By Kandeh Yumkella, former UN Under-Secretary-General and Chair of UN-Energy and Nick Hurd, Senior Adviser to Bboxx and former UK Minister*
Access to modern clean cooking services, especially via Liquified Petroleum Gas (LPG), is a key part of achieving the United Nations’ Sustainable Development Goal 7 – to ensure access to affordable, reliable, sustainable and modern energy for all. However, it is too often overlooked.
It is unacceptable that in 2020 the vast majority of the population in sub-Saharan Africa do not have access to clean, reliable, and affordable fuels and technologies for cooking. More global attention urgently needs to be given to this ‘silent killer’ development issue.

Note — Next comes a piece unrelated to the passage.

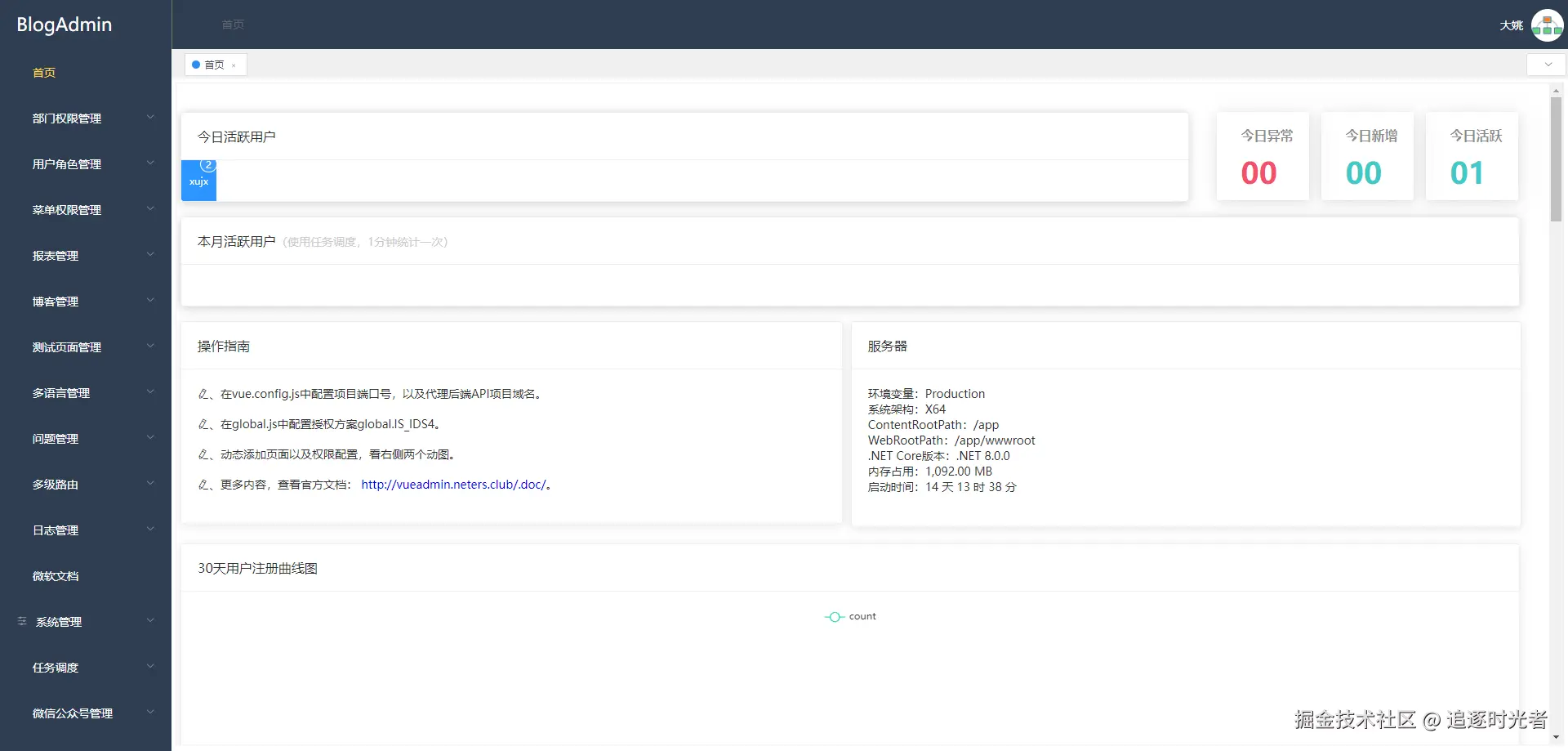 SimpleAdmin是一个小而美的通用业务型后台管理系统,专为解决开发过程中的痛点难点而生。Vue3+Vite+Vuex+JS,并在此基础上增加更人性化功能,后端基于.NET6/7+Furion,ORM采用Sqlsugar+单例模式,插件式开发。采用RBAC+多机构的权限管理模式,实现全网最灵活的接口级别数据权限控制,集成国密加解密,导入导出、导入导出、批量修改等常用插件。后端代码注释覆盖率>90%,并配备超牛皮的代码生成器和超详细的手摸手教学文档,非常适合二次开发。

The costs of inaction on clean cooking
The underlying failure to act on the clean cooking crisis carries an exponentially high cost. The World Bank recently noted that this currently costs the world over $2.4 trillion each year, due to the negative impacts on people’s health, the environment, gender equality, and lost economic opportunities. Cooking with dirty fuels is expensive and there is a high opportunity cost attached to the longer time needed to cook and to collect firewood.
The costs to the environment are dire as cooking with wood has been responsible for vast swathes of deforestation and land degradation. In Uganda alone, 80% of rural households use firewood for cooking which is contributing to deforestation at an alarming rate. Similarly, cooking with charcoal emits extremely damaging carbon emissions.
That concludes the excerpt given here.